MAIS, cet accord de principe doit être assorti d’un vaste programme de sensibilisation, de
prévention de l’exploitation sexuelle et de lutte contre la prostitution au sens large et plus
particulièrement, la prostitution de rue en :
• soutenant les associations de terrain via notamment l’octroi de subsides, mise à
disposition de locaux,…
• en luttant, plus efficacement, contre les problèmes annexes comme la toxicomanie,
principal but à l’activité prostitutionnelle de rue. Sans revenir sur le projet TADAM, il
convient de lutter contre les toxicomanes profonds, l’une des priorités affirmée par
le MR. Lutter contre la toxicomanie, c’est lutter contre la prostitution de rue vu
l’interdépendance des deux problématiques.

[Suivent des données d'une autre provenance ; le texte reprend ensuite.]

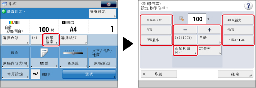 若設定[自動],則必須手動選擇紙張尺寸。若沒有選擇紙張尺寸,會自動根據紙匣1中添加的紙張尺寸設定適當的影印倍率。

• en prévoyant des relais sanitaires et l’accès aux services de santé et social:
pourquoi, à l’instar de l’Association française « Les Amis du bus des femmes », ne
pas créer un relais entre le trottoir et les services médicaux, sociaux et
administratifs sous forme d’un bus qui assurerait des permanences mobiles diurnes
et nocturnes avec à son bord du personnel médical et des éducateurs ? Cela
permettrait de donner aux personnes prostituées non seulement une politique de
prévention mais également, les aider dans leurs démarches administratives et
sociales et éventuellement dans leurs démarches de recherche d’emploi et de
logement pour celles qui décident d’arrêter la prostitution.
• en répondant aux besoins de personnes prostituées migrantes en développant,
comme c’est le cas en Suisse, un programme d’intervention avec des médiateurs
culturels ;
• en développant un réseau de travail de façon local, national voire international sur
la thématique prostitution via le prisme de l’accès et la promotion à la santé, du
sida et maladies sexuellement transmissibles, de la migration,…
8. Afin de lutter contre la prostitution, le Mouvement Réformateur désire également
qu’un plan d’actions soit mis en place sur les thématiques suivantes :
l’élaboration d’un plan concret, et financièrement doté, de réinsertion et
d’accompagnement pour les personnes prostituées qui veulent en sortir ;
l’organisation de campagnes de sensibilisation sur la prostitution et les problèmes
annexes comme l’industrie du sexe, la toxicomanie, la violence, l’itinérance et les
maladies transmissibles sexuellement, via les médias et l’éducation nationale,
auprès de la population avec des publics cibles : les jeunes, les clients (au lieu de
les punir pénalement comme en Suède, privilégier la reconnaissance du phénomène
de la prostitution et ses moyens de l’éradiquer )…
Le MR s’est, par ailleurs, étonné, dans le cadre du Budget 2011, de l’absence de trace du
projet de l’Eros Center alors qu’il doit être annoncé dans les prochaines semaines tout
comme le MR s’étonne de l’absence d’une appréhension globale de l’activité
prostitutionnelle.
Le MR attend une prise de position claire, et non dissonante, de la majorité et entend que
ses réflexions puissent être associées au débat qui s’en suivra.